Korea’s largest non-life insurance company reveals to PERE that it has devised an investment strategy for 2012 that, for the first time, includes putting its capital to work via funds alongside its main focus on direct investments in core property markets.


Samsung Fire & Marine Insurance (SFMI), Korea’s largest non-life insurance company with just less than $30 billion in assets under management, is to add real estate funds to its main direct, core real estate investment strategy.

Jin Seo, the group's manager responsible for real estate investments , told PERE on the side-lines of the MIPIM conference in Cannes, that SFMI would pilot its first fund investment as part of an investment strategy for 2012. Previously, the group, which generates capital from its insurance sales, had only sought to invest directly.
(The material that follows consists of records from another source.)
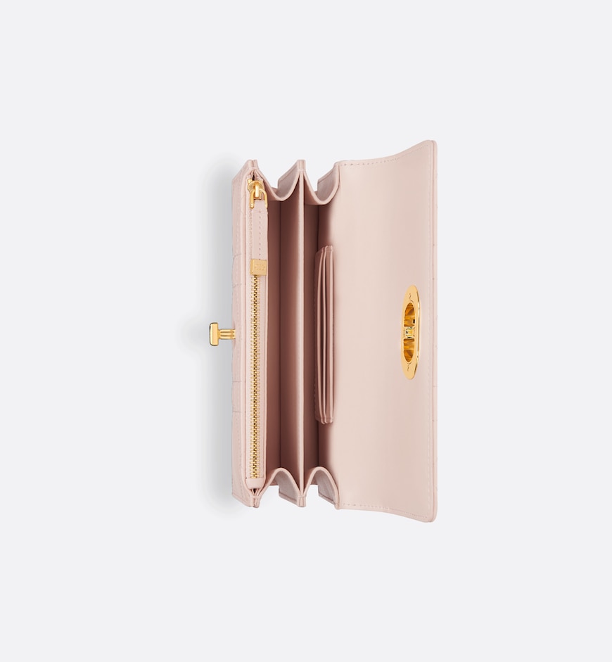 - The Miss Caro mini bag enhances the Dior Caro line with modern and timeless elegance. Crafted in powder pink lambskin, it stands out with the unique quilted effect of Macrocannage stitching, as well as a flap accented by a gold-finish metal CD twist clasp inspired by the seal of a Christian Dior perfume bottle. Alternating between gold-finish metal links and tonal enamel links that match the leather, the adjustable chain shoulder strap has a leather insert for added comfort when carrying the bag by hand, wearing it over the shoulder or crossbody.
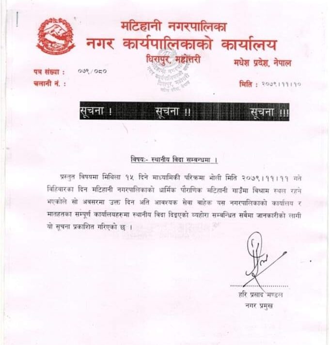 मटिहानी नगरपालिकामा आज सार्वजनिक बिदा
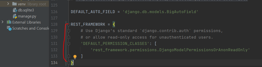 그리고 나서 다시 settings.py에서 위 코드를 추가해 준다. 위 설정은 pagination의 크기를 지정할 수 도 있고, API의 접근 권한을 지정할 수도 있다. 즉, 설정에 따라 admin 사용자일 때만 접근이 가능하게 할 수 도 있다.
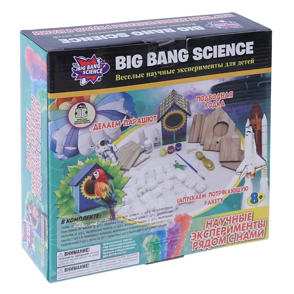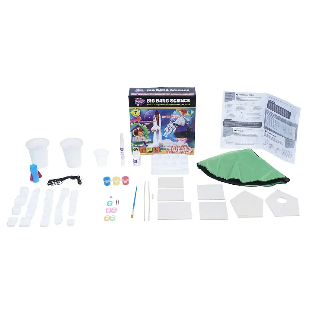Набор предлагает поучавствовать в запуске ракеты или подводной лодки, сделать парашют и много-много другого.
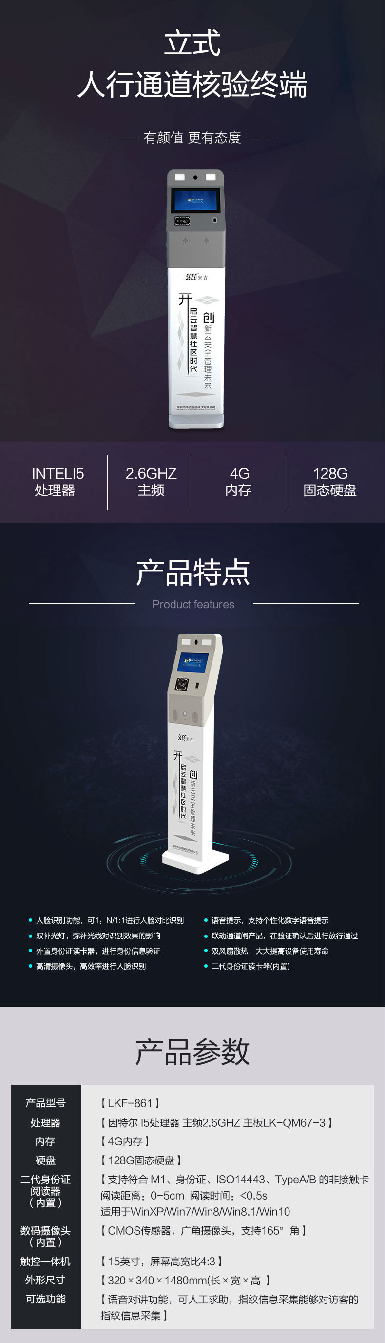 来吉立式人行通道核验终端系统人脸识别人证比对人证车三合一
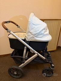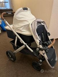 Passeggino Uppababy Vista trio con due sedute passeggino e una navicella culla, intercambiabili nelle varie posizioni per uso fratellare o gemellare. Completo di tutti gli accessori e gli adattatori per comporlo nelle varie configurazioni (navicella+passeggino o doppio passeggino, rivolti frontalmente o verso il genitore). Da neonati a 3/4 anni (15 kg).

“The atmosphere for Korean institutional investors is changing a little,” Seo said. “Right now, investors are considering more fund investments.”

Currently, the plan to invest in funds is only at a pilot stage. SFMI expects to put at least $100 million of its capital into real estate globally in 2012 and, of that, just $30 million has been earmarked for a fund. Still, Seo said that allocation could increase given a positive experience and more viable opportunities coming its way.
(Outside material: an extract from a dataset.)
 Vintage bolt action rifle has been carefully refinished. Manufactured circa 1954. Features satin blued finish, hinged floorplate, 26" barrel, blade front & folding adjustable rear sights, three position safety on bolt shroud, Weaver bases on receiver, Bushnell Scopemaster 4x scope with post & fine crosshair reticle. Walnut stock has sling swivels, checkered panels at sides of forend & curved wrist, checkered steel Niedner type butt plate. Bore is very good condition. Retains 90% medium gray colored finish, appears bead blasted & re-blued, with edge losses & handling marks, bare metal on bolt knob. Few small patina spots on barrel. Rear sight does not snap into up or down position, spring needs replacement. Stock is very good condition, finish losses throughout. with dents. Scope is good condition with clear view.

“It could be a core fund, an open-ended fund or even a debt or mezzanine fund,” Seo said, adding that the fund could be focused either on Europe– where much of SFMI’s global attention has been of late – or the US. However, he noted that a cheque would not be written out to an opportunity fund at this stage.

SFMI’s alternative investment department, within which the insurer’s real estate assets are held, is one of a small handful of Korean institutional investment platforms to have been given clearance to invest outside of Korea. To date, it is yet to complete its first international investment.

Two club-style transactions in London were close to being completed over the past two years, but those deals fell out of bed. One was terminated after two other Korean institutional investors in its club did not get clearance from their investment boards to proceed with the acquisition. The other did not materialise after the seller pulled out.

Nonetheless, SFMI’s main focus remains on completing two or three direct investments via Korean institutional investment clubs before venturing to take on a separate account, whereby it is the sole source of capital. In terms of favored geographies, SFMI still wants to complete acquisitions in London and Paris, and possibly major cities in Germany as well, Seo noted.

Ultimately, SFMI’s mandate is to seek yields from global real estate that are considered an improvement on returns currently generated by Korea’s fixed-income products. “Five-year government treasury bonds now generate a yield of about 3.75 percent,” Seo noted. “If we can invest in core assets in prime property markets, we can produce something that is higher.”

Furthermore, Seo told PERE that, as of the start of this year, he has been made responsible for both the group's global and domestic real estate activities. He previously was solely responsible for global real estate investments but was granted the widened remit after a senior colleague moved on from the group. He works in a team of seven professionals, part of the alternative investment department’s 16-strong team.